Several lines of evidence suggest that nonpalmitoylated GRK6 is catalytically active but cannot readily associate with the cell membrane: 1) GRK6 and GRK6-pal exhibit comparable activity toward the nonreceptor substrate phosvitin; 2) the V_max values for rhodopsin of GRK6-pal and wild-type GRK6 are comparable (Table I); 3) wild-type GRK6 more readily binds to PC vesicles compared with GRK6-pal; and 4) addition of a C₂₀ isoprenoid group to GRK6-pal augments the ability of the kinase to phosphorylate rhodopsin and bind to PC vesicles in vitro (Figs. 2B and 3).

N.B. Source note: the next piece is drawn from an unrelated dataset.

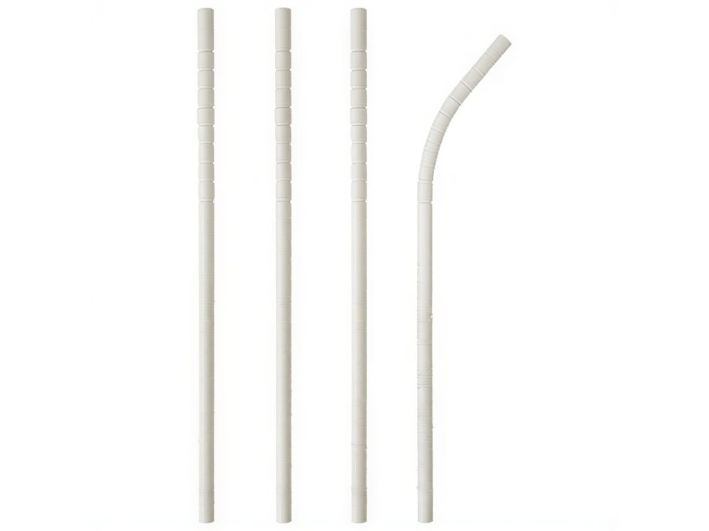 Biele, flexibilné papierové slamky s priemerom 6 mm a dĺžkou 20 cm.

Experiments designed to assess ₂AR sequestration demonstrated that GRK6-pal exhibits a significantly reduced ability to induce agonist-specific receptor internalization compared with wild-type GRK6. Furthermore, this defect is abolished in GRK6-pal that contains a CAAX motif (data not shown). The ability of GRK6-pal to promote a small but reproducible increase in receptor internalization suggests that the mutant kinase, in the absence of palmitoylation, still retains some function in vivo. This result is consistent with the observation that GRK6-pal is able to phosphorylate rhodopsin, albeit with significantly lower activity compared with wild-type kinase. Taken together, these data provide the first evidence that kinase palmitoylation is crucial to its function in vivo.

We propose a model for GRK6 function in which palmitoylation facilitates kinase association with the cell membrane and allows for phosphorylation of activated receptor substrates. Since palmitoylation has been shown to be a highly dynamic and reversible process it is reasonable to postulate that, similar to G_s, a cycle of GRK6 palmitoylation-depalmitoylation is critical in mediating both agonist-specific receptor phosphorylation (leading to arrestin binding and eventual receptor sequestration) and dissociation of the kinase from the cell membrane and, hence, the receptor. Similar to the observation that agonist stimulation affects the incorporation of palmitate for G_s is the possibility that receptor activation may alter GRK6 palmitate turnover, although this awaits formal proof. One could envisage, therefore, a tightly regulated system in which the activities of several different signal transduction components are reversibly controlled through this type of lipid modification.